Job Title: Manufacturing Associate I (Cell-Therapy Biomanufacturing)
Job Duration: 6 Months with potential to extend
Job Location: Devens, MA
Reports To: Manager, Cell Therapy Manufacturing
Shift Schedule: (There will be 6-8 weeks of training 7 AM - 4 PM, Monday to Friday)
Shift:
Morning Shift: 6 AM to 6 PM (Panama Schedule)
Night Shift: 6 PM to 6 AM (Panama Schedule)
PURPOSE AND SCOPE OF POSITION
Client Cell Therapy Manufacturing seeks Associates within Manufacturing that bring enthusiasm, intellectual curiosity, scientific rigor, and a desire to help drive novel programs. The candidate must be goal-oriented, flexible, and able to work efficiently with safety and quality in mind. We are searching for enthusiastic and innovative individuals with a good understanding of good manufacturing practices to support routine manufacturing operations for Cell Therapy.
DUTIES AND RESPONSIBILITIES
- Performing patient process unit operations and support operations described in standard operating procedures and batch records.
- Completing documentation required by process transfer protocols, validation protocols, standard operating procedures, and batch records.
- Performing tasks in a manner consistent with the safety policies, quality systems, and GMP requirements.
- Completing training assignments to ensure the necessary technical skills and knowledge.
- Assisting in setting up manufacturing areas and equipment/fixtures.
- Perform facility and equipment commissioning activities.

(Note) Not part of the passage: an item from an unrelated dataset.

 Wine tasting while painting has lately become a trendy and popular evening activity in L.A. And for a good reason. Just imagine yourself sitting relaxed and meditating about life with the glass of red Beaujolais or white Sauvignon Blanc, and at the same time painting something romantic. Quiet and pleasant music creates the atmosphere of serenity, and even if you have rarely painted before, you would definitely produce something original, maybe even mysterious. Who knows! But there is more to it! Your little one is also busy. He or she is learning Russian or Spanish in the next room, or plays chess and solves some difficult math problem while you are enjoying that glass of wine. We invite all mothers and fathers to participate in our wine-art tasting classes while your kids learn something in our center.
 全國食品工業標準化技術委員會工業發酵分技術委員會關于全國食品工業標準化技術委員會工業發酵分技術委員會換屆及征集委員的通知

- Training others on SOPs, Work Instructions to successfully complete manufacturing operations.
- Executing daily unit operations schedule that includes people, product, and material flow across multiple shifts.
- Work in a cleanroom environment and perform aseptic processing; maintain manufacturing environmental conditions (Non-Viable Particulate(s) and Viable microbial levels per controlled area classification specifications) by performing area disinfection regimen as required to meet global Health Authority requirements.
REQUIRED COMPETENCIES
Education:
- High school diploma and 0-2 years of experience in cGMP bioprocessing manufacturing, cell therapy manufacturing, or relevant experience.

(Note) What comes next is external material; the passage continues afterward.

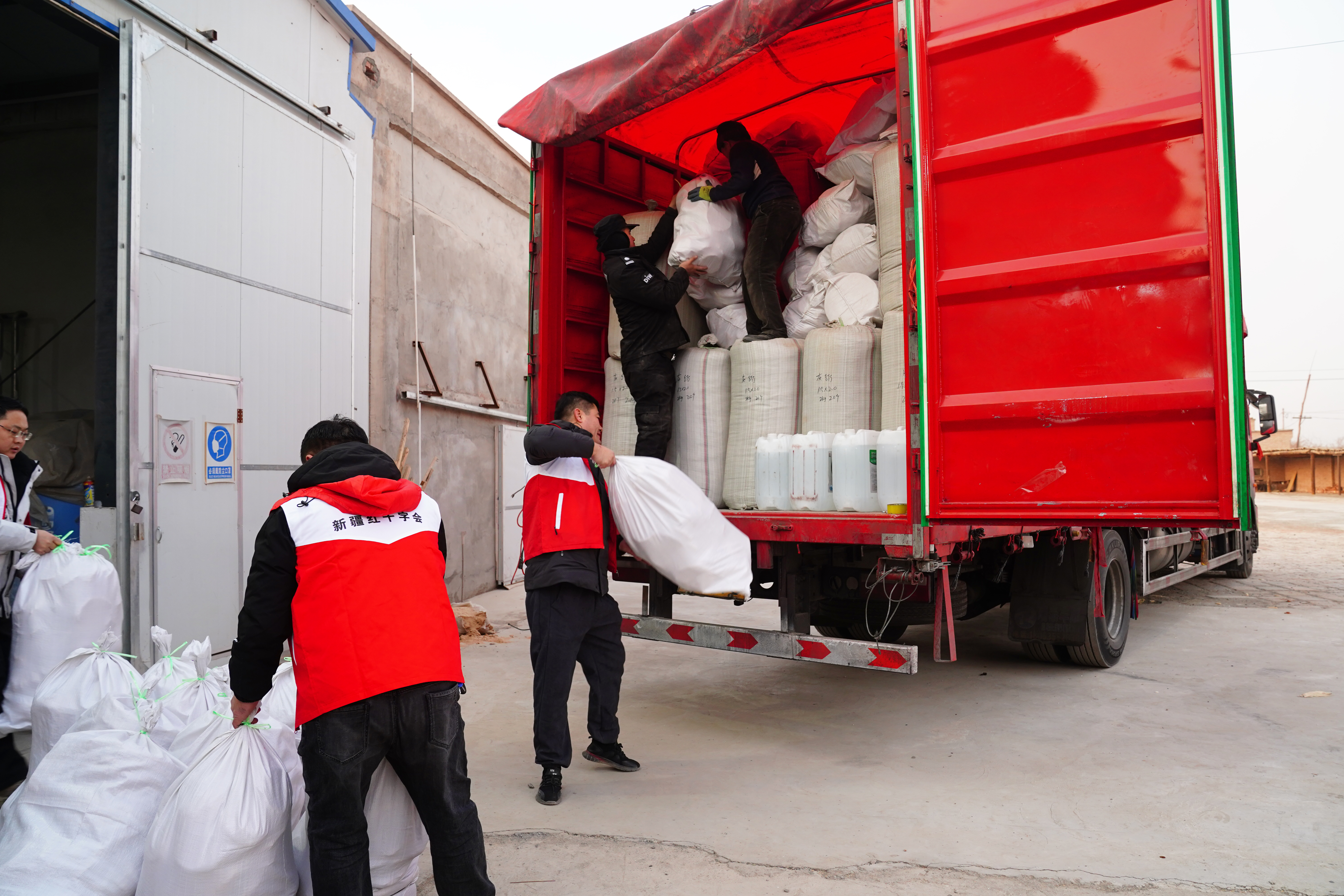 志愿者装载救灾物资。吐鲁番市融媒体中心记者 刘字昂 摄
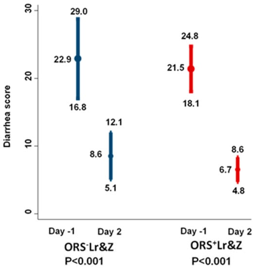 Improvement of the severity score of diarrhoea at day 2 compared to baseline (day−1). At each time point, the results are presented with means and 95% confidence intervals. Comparisons within groups were performed by the Wilcoxon signed-rank test for paired data, whereas data between groups were compared by the Mann-Whitney U test. Comparisons in the ORS+Lr&Z arm on day two versus day−1 (p < 0.001). Comparisons in the ORS−Lr&Z arm on day two versus day−1 (p < 0.001).

- Bachelor's in a relevant science or engineering discipline is preferred.
Experience:
- Driven and motivated individual to learn and execute Cell Therapy Manufacturing operations.
- Must have the ability to work assigned shift (Day, Night, Weekends and/or Holidays).
- Must be able to work in a cleanroom environment and perform aseptic processing.
- Must be comfortable being exposed to human blood components.
- Must be able to be in close proximity to strong magnets.
Preferred Qualifications:
- Knowledge of cGMP regulations and FDA guidance applicable to biologics and cell therapy manufacturing is preferred.